_DATASET EXCERPT_

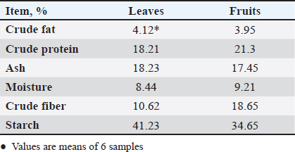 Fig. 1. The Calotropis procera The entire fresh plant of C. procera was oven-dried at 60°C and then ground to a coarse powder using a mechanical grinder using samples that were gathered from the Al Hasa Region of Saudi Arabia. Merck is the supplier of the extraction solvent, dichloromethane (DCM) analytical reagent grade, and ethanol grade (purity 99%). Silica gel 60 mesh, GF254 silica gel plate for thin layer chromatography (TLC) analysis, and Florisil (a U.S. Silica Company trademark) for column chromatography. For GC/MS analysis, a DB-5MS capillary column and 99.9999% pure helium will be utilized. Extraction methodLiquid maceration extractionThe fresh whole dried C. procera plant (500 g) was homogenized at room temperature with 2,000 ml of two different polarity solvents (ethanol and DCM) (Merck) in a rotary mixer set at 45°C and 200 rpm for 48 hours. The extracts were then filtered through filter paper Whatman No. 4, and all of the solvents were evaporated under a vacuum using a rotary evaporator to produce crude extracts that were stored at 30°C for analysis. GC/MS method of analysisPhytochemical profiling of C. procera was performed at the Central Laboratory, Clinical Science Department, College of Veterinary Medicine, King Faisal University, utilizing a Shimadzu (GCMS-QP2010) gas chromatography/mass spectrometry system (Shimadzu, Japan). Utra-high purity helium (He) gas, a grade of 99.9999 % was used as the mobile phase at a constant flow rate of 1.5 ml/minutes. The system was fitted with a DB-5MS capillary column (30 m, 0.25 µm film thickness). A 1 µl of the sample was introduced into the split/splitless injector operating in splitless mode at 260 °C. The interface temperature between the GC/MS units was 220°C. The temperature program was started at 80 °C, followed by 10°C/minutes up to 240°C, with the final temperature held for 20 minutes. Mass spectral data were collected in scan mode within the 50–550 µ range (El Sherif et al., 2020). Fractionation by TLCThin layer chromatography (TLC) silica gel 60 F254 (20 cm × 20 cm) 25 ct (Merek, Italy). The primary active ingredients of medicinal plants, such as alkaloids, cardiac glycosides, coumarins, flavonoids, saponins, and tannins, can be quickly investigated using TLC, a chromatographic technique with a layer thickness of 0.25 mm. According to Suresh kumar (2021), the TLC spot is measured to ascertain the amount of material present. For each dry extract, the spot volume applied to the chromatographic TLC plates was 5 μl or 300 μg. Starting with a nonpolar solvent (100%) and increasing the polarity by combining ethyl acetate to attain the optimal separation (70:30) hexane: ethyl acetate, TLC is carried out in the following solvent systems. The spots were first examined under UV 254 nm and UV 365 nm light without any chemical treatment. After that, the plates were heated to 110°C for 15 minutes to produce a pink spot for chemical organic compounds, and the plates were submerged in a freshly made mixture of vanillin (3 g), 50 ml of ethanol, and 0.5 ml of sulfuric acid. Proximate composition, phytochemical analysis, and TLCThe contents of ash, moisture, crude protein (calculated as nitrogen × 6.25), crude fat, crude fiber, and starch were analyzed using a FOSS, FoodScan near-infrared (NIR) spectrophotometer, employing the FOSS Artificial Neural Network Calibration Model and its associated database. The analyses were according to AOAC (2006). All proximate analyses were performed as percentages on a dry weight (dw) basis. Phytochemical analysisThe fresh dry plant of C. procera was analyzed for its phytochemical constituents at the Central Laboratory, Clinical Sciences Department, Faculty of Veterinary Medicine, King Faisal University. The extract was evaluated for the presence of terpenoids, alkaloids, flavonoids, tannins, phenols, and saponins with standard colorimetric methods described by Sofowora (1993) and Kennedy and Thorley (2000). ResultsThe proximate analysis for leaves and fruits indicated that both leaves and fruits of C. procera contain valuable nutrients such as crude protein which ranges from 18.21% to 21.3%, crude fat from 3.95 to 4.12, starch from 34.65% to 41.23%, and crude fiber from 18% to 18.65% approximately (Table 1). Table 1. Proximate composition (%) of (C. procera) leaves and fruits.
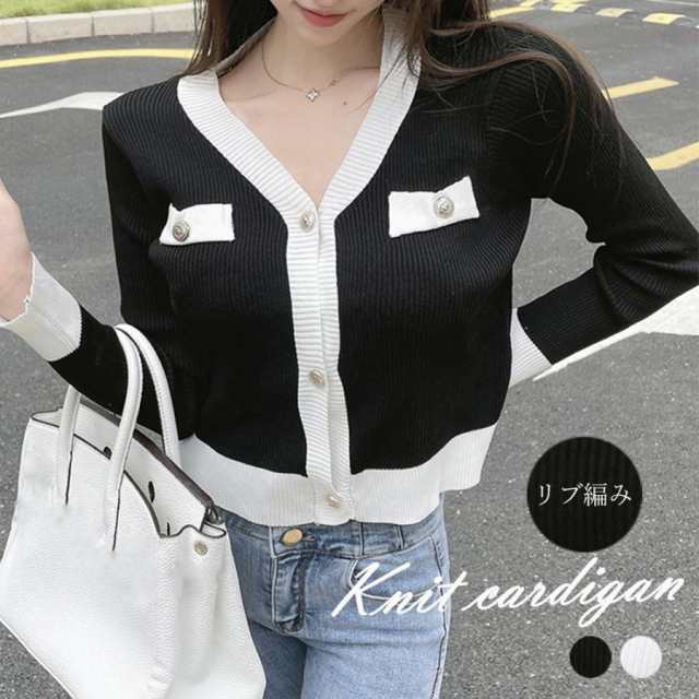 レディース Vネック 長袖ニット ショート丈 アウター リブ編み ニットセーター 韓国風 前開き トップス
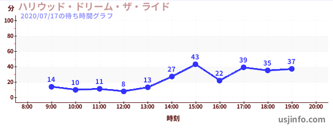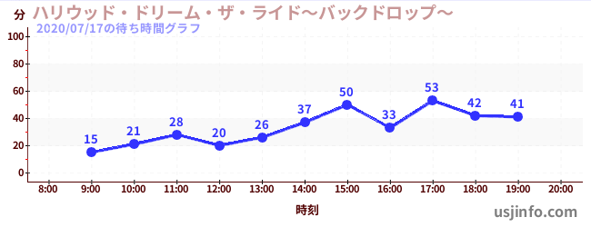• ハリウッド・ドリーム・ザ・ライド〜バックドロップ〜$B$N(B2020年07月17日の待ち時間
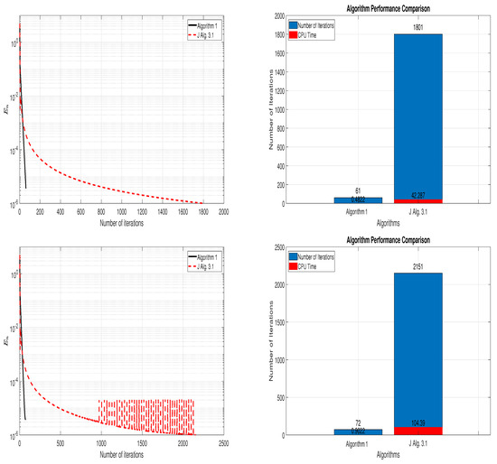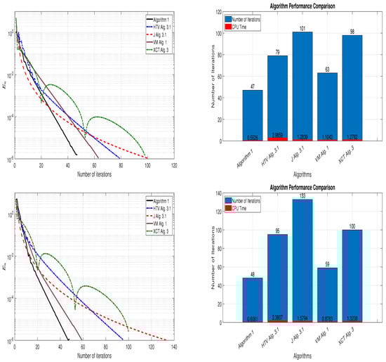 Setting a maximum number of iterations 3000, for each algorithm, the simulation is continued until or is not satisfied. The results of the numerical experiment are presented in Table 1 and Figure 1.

_WHAT IS REQUIRED_
Exactly the lines from the one with "レディース Vネック 長袖ニット" through the end of the listing above are to be repeated, with no pictures.

_EXERCISE RESPONSE_
 レディース Vネック 長袖ニット ショート丈 アウター リブ編み ニットセーター 韓国風 前開き トップス
• ハリウッド・ドリーム・ザ・ライド〜バックドロップ〜$B$N(B2020年07月17日の待ち時間
 Setting a maximum number of iterations 3000, for each algorithm, the simulation is continued until or is not satisfied. The results of the numerical experiment are presented in Table 1 and Figure 1.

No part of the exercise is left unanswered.